● **PROBLEM**: Among the entries below, only the lines from the one with "Femmina di Lycaena dispar" through the one with "novae – scrive" are wanted, reproduced exactly. Pictures are not wanted.

● **Dataset items**:
*** Block opens ***

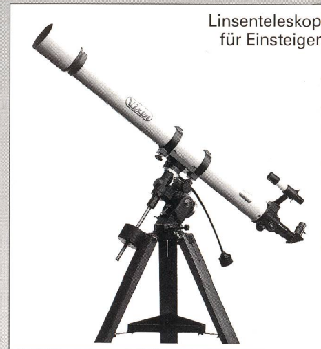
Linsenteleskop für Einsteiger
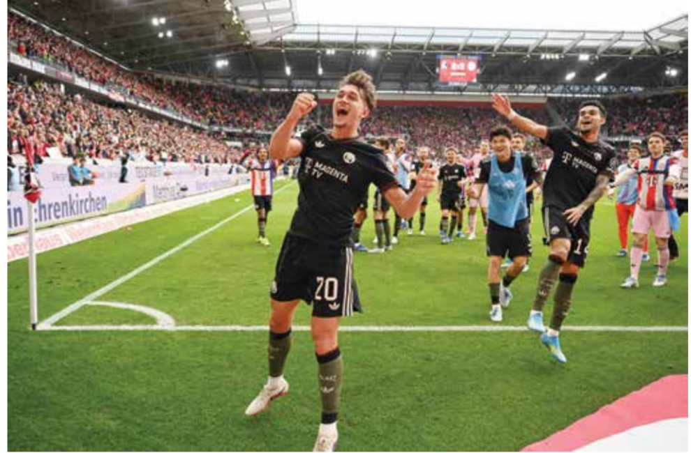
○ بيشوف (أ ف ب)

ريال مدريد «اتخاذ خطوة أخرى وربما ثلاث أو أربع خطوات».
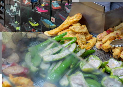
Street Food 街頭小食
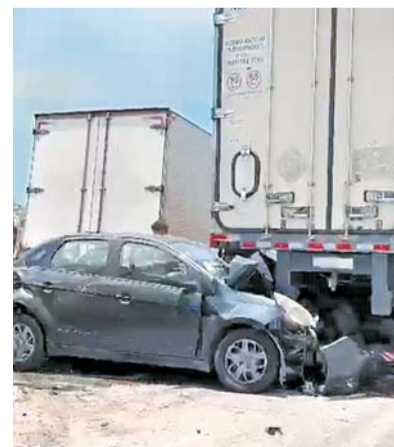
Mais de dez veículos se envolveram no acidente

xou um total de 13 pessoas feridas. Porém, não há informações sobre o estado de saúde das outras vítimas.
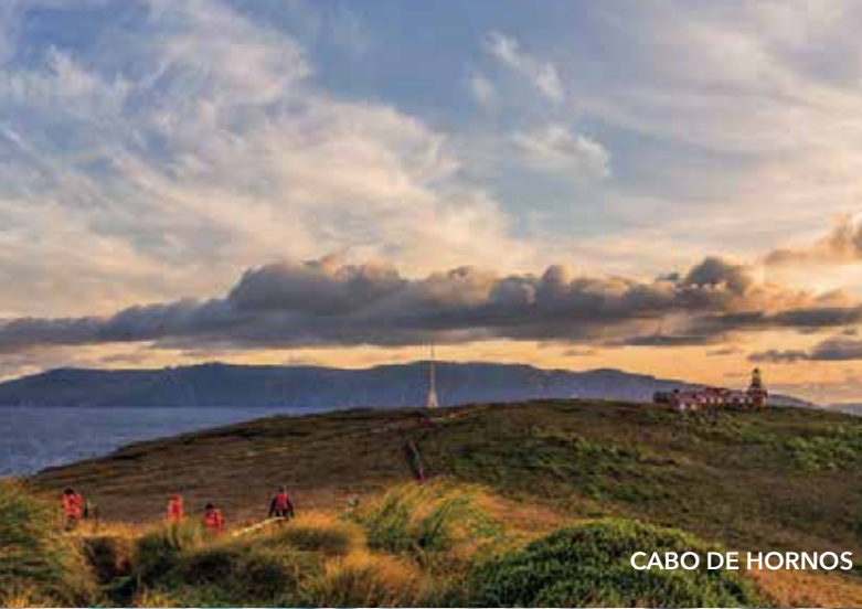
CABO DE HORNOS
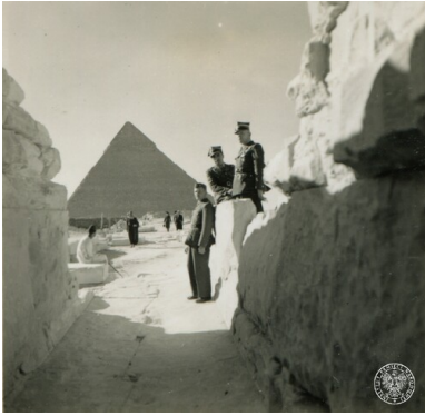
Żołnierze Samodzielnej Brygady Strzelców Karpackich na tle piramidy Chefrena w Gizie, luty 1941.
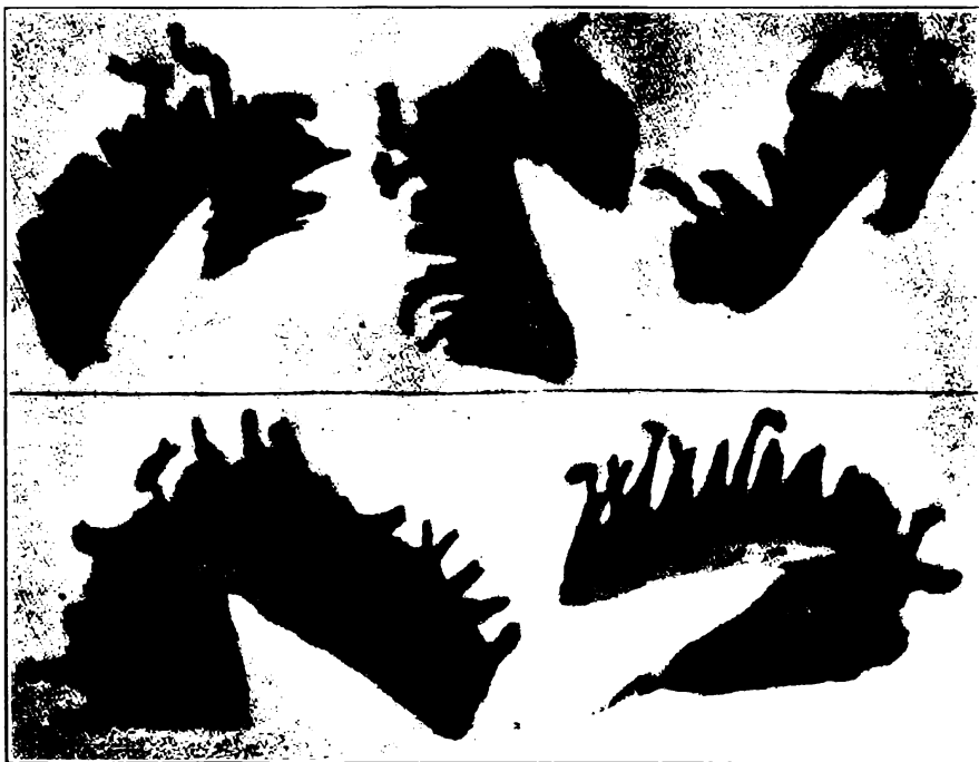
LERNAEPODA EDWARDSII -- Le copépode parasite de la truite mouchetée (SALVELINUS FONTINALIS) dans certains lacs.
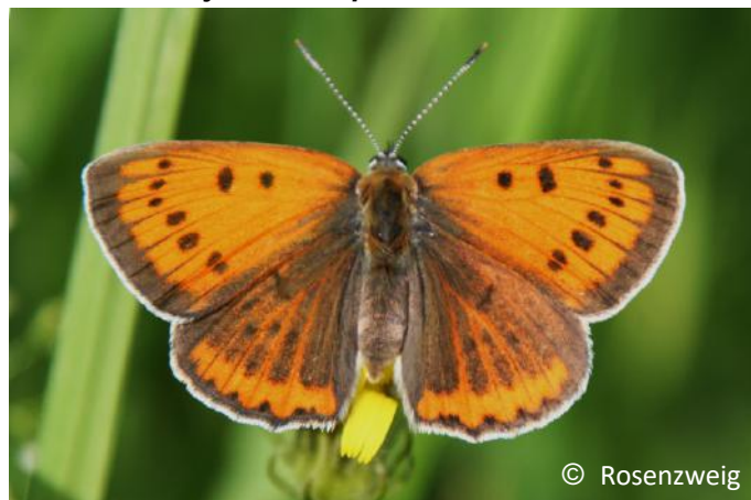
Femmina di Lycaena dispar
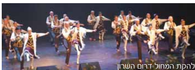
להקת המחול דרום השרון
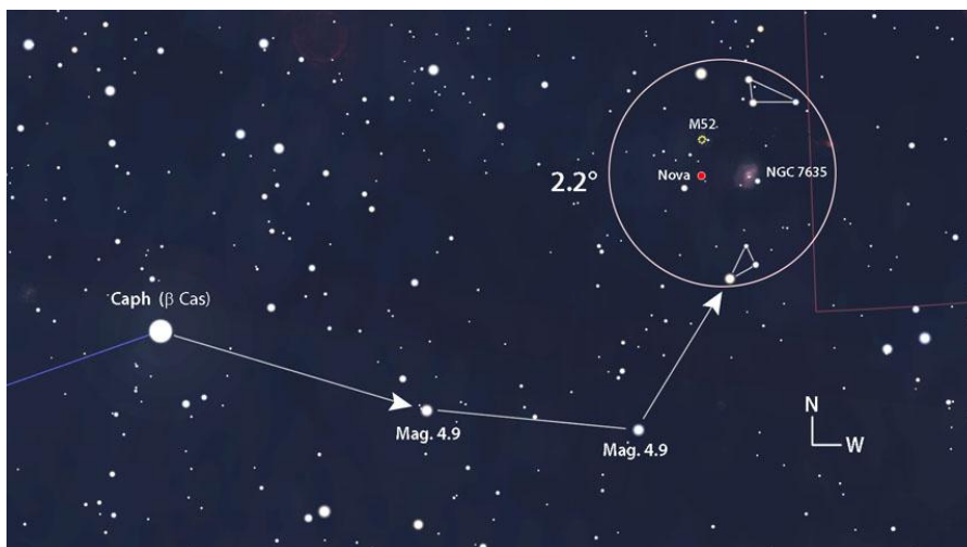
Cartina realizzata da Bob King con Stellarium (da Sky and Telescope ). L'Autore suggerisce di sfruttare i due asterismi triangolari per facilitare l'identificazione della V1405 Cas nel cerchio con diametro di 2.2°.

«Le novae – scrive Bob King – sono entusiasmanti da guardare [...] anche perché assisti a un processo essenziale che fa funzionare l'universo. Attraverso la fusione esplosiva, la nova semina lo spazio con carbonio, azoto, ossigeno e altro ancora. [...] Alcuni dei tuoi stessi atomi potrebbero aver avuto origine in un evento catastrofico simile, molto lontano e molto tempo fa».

*** Block closes ***
*** Block opens ***

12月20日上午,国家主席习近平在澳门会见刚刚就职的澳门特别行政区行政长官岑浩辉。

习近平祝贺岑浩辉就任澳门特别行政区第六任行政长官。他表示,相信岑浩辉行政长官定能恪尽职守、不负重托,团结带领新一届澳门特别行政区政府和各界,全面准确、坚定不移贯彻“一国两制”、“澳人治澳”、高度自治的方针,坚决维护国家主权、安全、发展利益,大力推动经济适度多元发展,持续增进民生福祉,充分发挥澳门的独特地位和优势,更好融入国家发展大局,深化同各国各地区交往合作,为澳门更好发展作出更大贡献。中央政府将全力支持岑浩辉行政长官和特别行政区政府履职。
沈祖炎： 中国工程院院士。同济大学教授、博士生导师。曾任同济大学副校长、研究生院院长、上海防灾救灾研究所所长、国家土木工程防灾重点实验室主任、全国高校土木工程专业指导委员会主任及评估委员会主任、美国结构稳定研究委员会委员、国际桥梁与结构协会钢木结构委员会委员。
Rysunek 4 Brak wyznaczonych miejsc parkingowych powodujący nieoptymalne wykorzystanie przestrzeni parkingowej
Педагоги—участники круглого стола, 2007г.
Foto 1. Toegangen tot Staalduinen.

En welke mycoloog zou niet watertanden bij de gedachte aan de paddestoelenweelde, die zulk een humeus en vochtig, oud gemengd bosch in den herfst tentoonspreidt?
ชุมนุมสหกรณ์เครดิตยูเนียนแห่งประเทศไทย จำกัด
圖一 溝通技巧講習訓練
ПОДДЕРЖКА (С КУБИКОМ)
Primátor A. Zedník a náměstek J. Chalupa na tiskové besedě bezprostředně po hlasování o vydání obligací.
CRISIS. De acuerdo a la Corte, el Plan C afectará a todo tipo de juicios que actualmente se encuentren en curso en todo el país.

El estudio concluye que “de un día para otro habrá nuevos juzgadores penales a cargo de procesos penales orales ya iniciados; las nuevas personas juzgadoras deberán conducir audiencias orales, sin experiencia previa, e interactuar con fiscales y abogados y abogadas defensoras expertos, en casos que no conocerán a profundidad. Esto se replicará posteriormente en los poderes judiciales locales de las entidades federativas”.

*** Block closes ***

● **SOLVED PROBLEM**:
Femmina di Lycaena dispar
להקת המחול דרום השרון
Cartina realizzata da Bob King con Stellarium (da Sky and Telescope ). L'Autore suggerisce di sfruttare i due asterismi triangolari per facilitare l'identificazione della V1405 Cas nel cerchio con diametro di 2.2°.

«Le novae – scrive Bob King – sono entusiasmanti da guardare [...] anche perché assisti a un processo essenziale che fa funzionare l'universo. Attraverso la fusione esplosiva, la nova semina lo spazio con carbonio, azoto, ossigeno e altro ancora. [...] Alcuni dei tuoi stessi atomi potrebbero aver avuto origine in un evento catastrofico simile, molto lontano e molto tempo fa».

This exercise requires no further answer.